KR20000076351A - Integrated circuit and method for testing the same - Google Patents

Abstract

The present invention relates to an integrated circuit having a CPU and a user-ROM, wherein the circuit comprises a test-ROM, a CPU-external RAM and a switching means whose address range is within the user-ROM-address range, The switching means can be irreversibly displaced to only allow access to the user-ROM or access to the test-ROM and only allow access to the user-ROM.

Description

INTEGRATED CIRCUIT AND METHOD FOR TESTING THE SAME}

First chip card generations such as phone cards or medical cards could actually only perform memory functions. Later, relatively simple logic functions such as comparison of numbers or formation of pseudo random numbers were added. In safety-related areas, such as in banking operations where some significant values are stored or particularly in the case of reliable data, micro-capable of performing complex safety functions, encryption functions and / or verification functions as the use of chip cards increases. The use of processors is increasing. The use of cryptography (and decryption) methods, which require significant costs, is also increasing.

Semiconductor chips included in modern chip cards include expensive and complex circuits, which are generally partly additional modules, such as CPUs, ROMs, EEPROMs (or EPROMs) and UARTs, or coprocessors and devices.

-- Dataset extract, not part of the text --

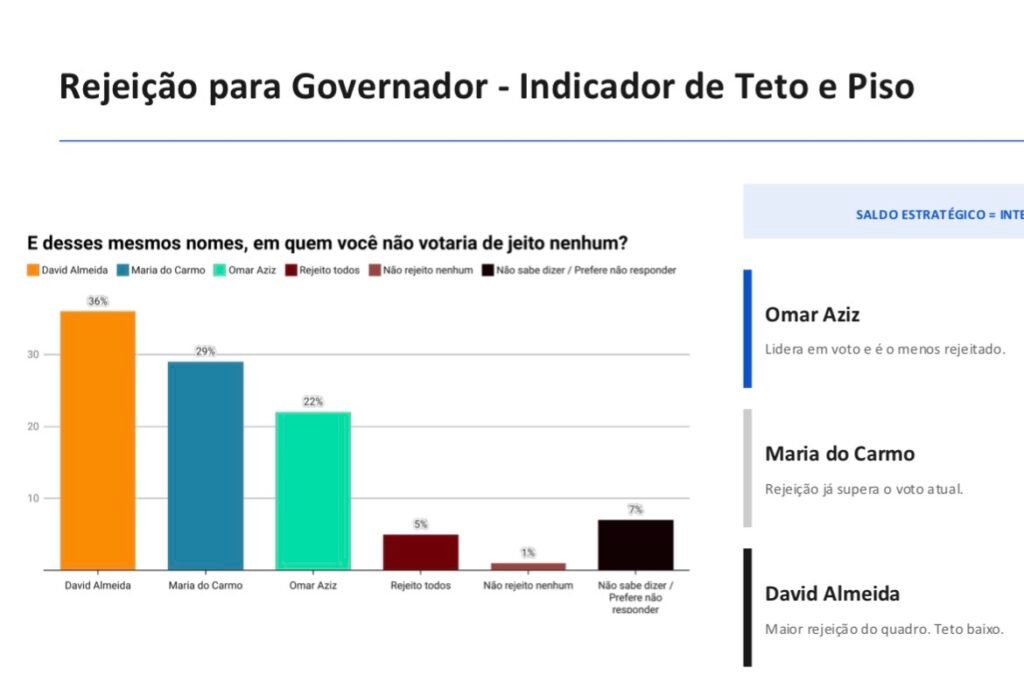 Na pesquisa de intenção de voto estimulada para governador, Omar Aziz lidera com 40%, seguido por Maria do Carmo (23%) e David Almeida (22%). Outros 8% afirmaram que votariam em branco ou anulariam o voto, enquanto 7% não souberam ou preferiram não responder.

It is formed with a bus connecting them. The CPU is allocated at least one RAM, which is formed mostly as static RAM. Since static RAM requires significant space, most of these RAMs are very small and have less than 1 KByte of memory. Another feature of chip card products is that they have only one or two serial interfaces to the outside world, making data transfer very slow. Since 8-bit parallel processing is performed internally, serial / parallel conversion, which is controlled in a software manner using an accumulator to the CPU, is required, so that the conversion is also very slow. However, since normal data transfer is specified by ISO regulations and only consists of a few kilobytes per second, this is not necessary for normal operation, i.e. for operation to ensure that the user uses it in compliance, for example as a rechargeable cash trader. No problem.

However, the complex integrated circuits described must be delivered to customers with sufficient quality, and consequently extensive testing is essential.

Testing of such products is carried out by magnetic test-software. As such, the chip card product includes test memory that is executed as a ROM. The test memory includes magnetic test-software, whereby various parts of the chip can be tested after a power-on-reset. Magnetic test-software consists of different test routines that are called via test vectors. This test vector is input through the IO-port. Because the size of the test memory is limited and varies within different products, the memory generally cannot contain all test routines. As such, the rest of the test routine must be reloaded into the EEPROM and executed from there. This requires a large number of programming and erasing processes that last much longer than native tests.

The test memory executed by the ROM is a component part of the ROM present on the semiconductor chip, and the ROM also includes a user program such as an operating device, and a frequently used subprogram such as an EEPROM-write program and an erase program. Error or intentional and exploitation in the address area, even if the test memory area requires a portion of the address space of the ROM, consequently attempting to deny access to the address area of the ROM by a prescribed measure after the test is executed. Savings are possible.

To date, the realization has the disadvantage that on the one hand it is too slow and consequently the test lasts too long and on the other hand it is possible to enable access to the test routine even after the test, because the test routine is a ROM Either it is fixed almost internally or can be left on the chip in a non-volatile manner in a way that is possible within the EEPROM.

The present invention relates to an integrated circuit comprising a CPU, a user-ROM and a bus connecting the elements and a test method of the circuit.

1 is a block circuit diagram of an integrated circuit according to the present invention,

2 is a detailed circuit diagram of a preferred embodiment of the present invention.

It is an object of the present invention to provide a circuit arrangement that can enable rapid testing and increase the degree of protection against abuse.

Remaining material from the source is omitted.